Signed-off-by: Rhys Perry <pendingchaos02@gmail.com>
Reviewed-by: Daniel Schürmann <daniel@schuermann.dev>
Tested-by: Marge Bot <https://gitlab.freedesktop.org/mesa/mesa/merge_requests/3768>
Part-of: <https://gitlab.freedesktop.org/mesa/mesa/merge_requests/3768>

src/amd/compiler/aco_register_allocation.cpp

index 2b1ca4ddfb8845d82aae1a401374fac19599163d..d43806e9badcb8f1ee22ac7941ea7c0af290f868 100644 (file)
@@ -64,6 +64,46 @@ public:
    uint32_t& operator [] (unsigned index) {
       return regs[index];
    }
+
+   unsigned count_zero(PhysReg start, unsigned size) {
+      unsigned res = 0;
+      for (unsigned i = 0; i < size; i++)
+         res += !regs[start + i];
+      return res;
+   }
+
+   bool test(PhysReg start, unsigned size) {
+      for (unsigned i = 0; i < size; i++) {
+         if (regs[start + i])
+            return true;
+      }
+      return false;
+   }
+
+   void fill(PhysReg start, unsigned size, uint32_t val) {
+      for (unsigned i = 0; i < size; i++)
+         regs[start + i] = val;
+   }
+
+   void clear(PhysReg start, unsigned size) {
+      fill(start, size, 0);
+   }
+
+   void fill(Operand op) {
+      fill(op.physReg(), op.size(), op.tempId());
+   }
+
+   void clear(Operand op) {
+      fill(op.physReg(), op.size(), 0);
+   }
+
+   void fill(Definition def) {
+      fill(def.physReg(), def.size(), def.tempId());
+   }
+
+   void clear(Definition def) {
+      fill(def.physReg(), def.size(), 0);
+   }
 };
 
 
@@ -325,8 +365,7 @@ bool get_regs_for_copies(ra_ctx& ctx,
 
       if (res.second) {
          /* mark the area as blocked */
-         for (unsigned i = res.first.reg; i < res.first + size; i++)

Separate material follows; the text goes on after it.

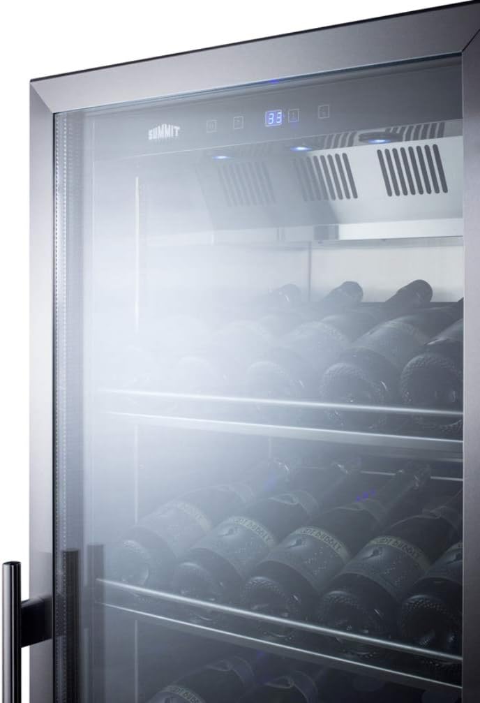 Summit Appliance SCR1401CHCSS Full-Size Commercially Listed Wine Cellar with Stainless Steel Interior, Champagne Shelving, Digital Controls, Self-Closing Glass Door, Lock and Stainless Steel Cabinet Key Features: - Design meets UL-471 commercial standards and is ETL-S listed to NSF-7 standards for commercial use - Stainless steel shelving is specially sized to store larger wine and champagne bottles, with adjustable clips prepositioned to display bottles at a slight angle - Digital thermostat offers precise and convenient temperature control with a wide range to accommodate red or white wine - Interior can be set between 36 to 68ºF, allowing users to adjust for red wine, white wine, or champagne - Fully lit interior with a striking blue LED hue, providing an attractive and energy efficient view - Factory installed lock offers additional security Specifications: - Height of Cabinet: 69.75" - Width: 23.63" - Depth: 23.75" - Depth with Handle: 25.63" - Depth with door at 90°: 46.75" - Capacity: 12.6 cu.ft. - Bottles: 35 - Defrost Type: Frost-Free - Door: Glass - Cabinet: Stainless Steel - US Electrical Safety: ETL - Canadian Electrical Safety: ETL-C - Sanitation: ETL-S - Amps: 1.7 - Voltage/Frequency: 115V AC/60Hz - Weight: 250 lbs. - Number of Zones: 1 - Door Swing: RHD - Shelf Type: Steel - Shelf Qty: 6 - Interior Light: Yes - Fan Type: Interior - Refrigerant Type: R600a - Refrigerant Amount: 1.76oz. - High Side PSI: 270 - Low Side PSI: 105 - Temperature Range: 36 to 68ºF - Interior: 59.75"x20"x16.5" - Compressor Step: 4.5"x20"x4.5"

-            reg_file[i] = 0xFFFFFFFF;
+         reg_file.fill(res.first, size, 0xFFFFFFFF);
          /* create parallelcopy pair (without definition id) */
          Temp tmp = Temp(id, var.second);
          Operand pc_op = Operand(tmp);
@@ -410,14 +449,12 @@ bool get_regs_for_copies(ra_ctx& ctx,
             unsigned size = ctx.assignments[reg_file[j]].second.size();
             unsigned id = reg_file[j];
             new_vars.emplace(size, id);
-            for (unsigned k = 0; k < size; k++)

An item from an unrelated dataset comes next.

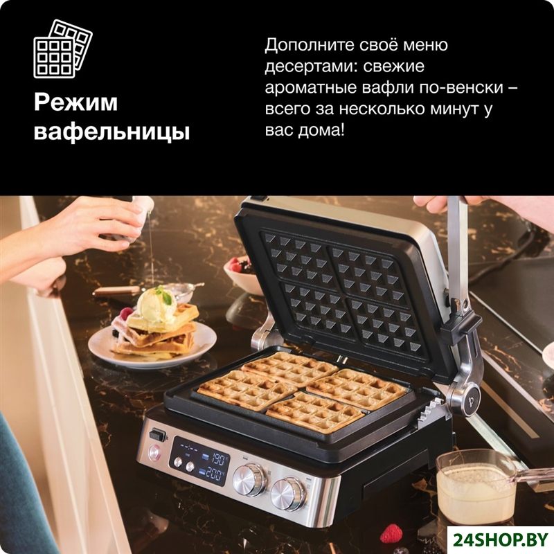 - Рабочая поверхность: вафельница, гладкая плита, рифленая плита

-               reg_file[ctx.assignments[id].first + k] = 0;
+            reg_file.clear(ctx.assignments[id].first, size);
          }
       }
 
       /* mark the area as blocked */
-      for (unsigned i = reg_lo; i <= reg_hi; i++)

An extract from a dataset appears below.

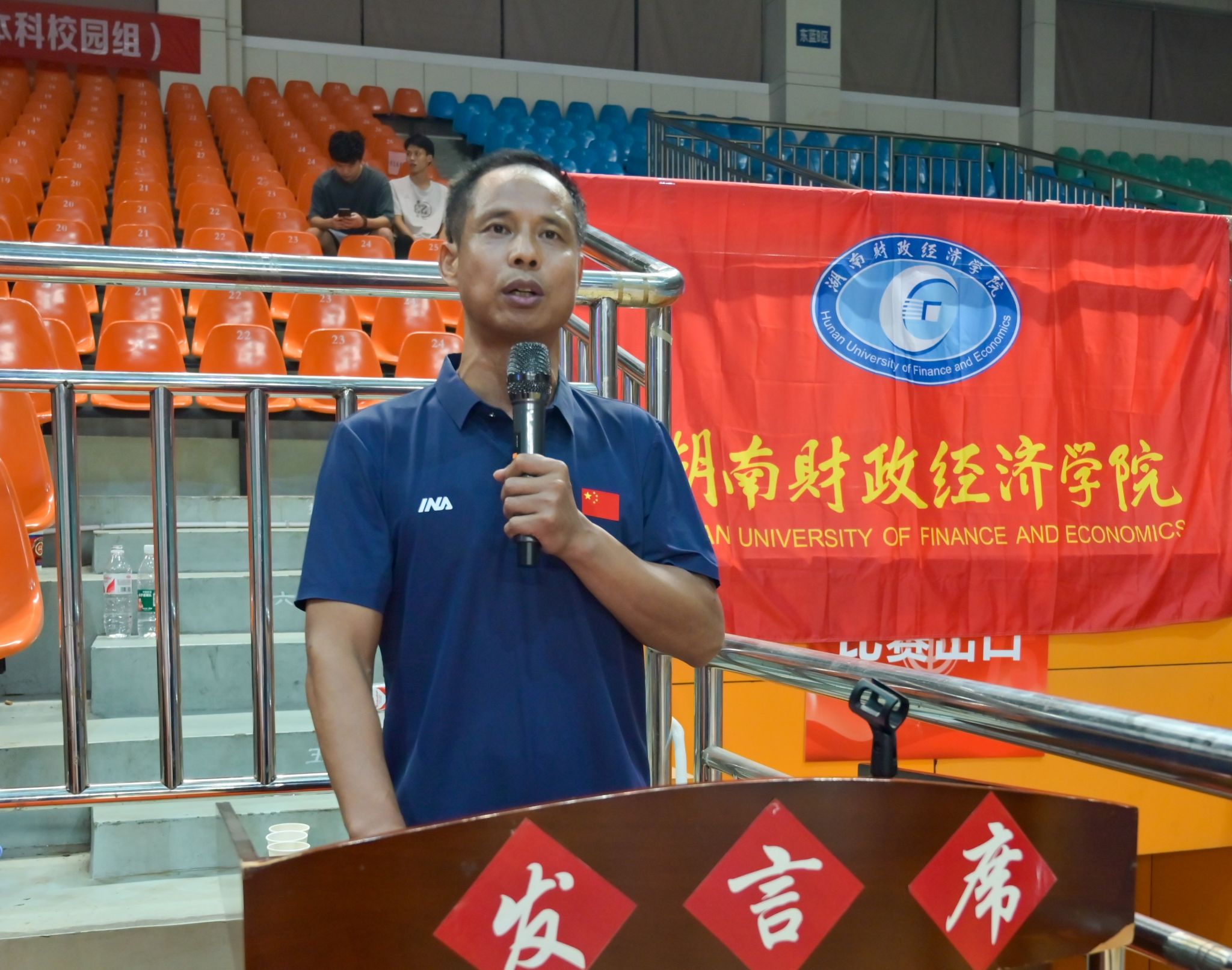 随后,湖南省教育厅体育卫生与艺术教育处二级调研员傅联红致开幕词。他代表湖南省教育厅对本次比赛的举办表示诚挚祝贺,对各代表队人员表示热烈欢迎,并向关心支持我省学校体育事业发展的各界人士致谢。傅联红指出,体育在人全面发展中具有基础性作用,我省学校体育事业在各方努力下取得长足进步,包括课程建设、场馆设施、阳光体育开展以及竞技水平提升等多方面成果显著且在全国名列前茅。举办本次大学生篮球联赛是加强青年体育锻炼、增强体质的重要举措,有助于在高校营造浓郁体育氛围,提高学生体质健康水平。他还以自己热爱篮球为例,鼓励同学们积极参与篮球运动并带动身边人,让更多年轻人投身体育运动。

-         reg_file[i] = 0xFFFFFFFF;
+      reg_file.fill(PhysReg{reg_lo}, size, 0xFFFFFFFF);
 
       if (!get_regs_for_copies(ctx, reg_file, parallelcopies, new_vars, lb, ub, instr, def_reg_lo, def_reg_hi))
          return false;
@@ -444,12 +481,8 @@ std::pair<PhysReg, bool> get_reg_impl(ra_ctx& ctx,
                                       RegClass rc,
                                       aco_ptr<Instruction>& instr)
 {
-   unsigned regs_free = 0;
    /* check how many free regs we have */
-   for (unsigned j = lb; j < ub; j++) {
-      if (reg_file[j] == 0)
-         regs_free++;
-   }
+   unsigned regs_free = reg_file.count_zero(PhysReg{lb}, ub-lb);
 
    /* mark and count killed operands */
    unsigned killed_ops = 0;
@@ -460,8 +493,7 @@ std::pair<PhysReg, bool> get_reg_impl(ra_ctx& ctx,
           instr->operands[j].physReg() < ub) {
          assert(instr->operands[j].isFixed());
          assert(reg_file[instr->operands[j].physReg().reg] == 0);
-         for (unsigned k = 0; k < instr->operands[j].size(); k++)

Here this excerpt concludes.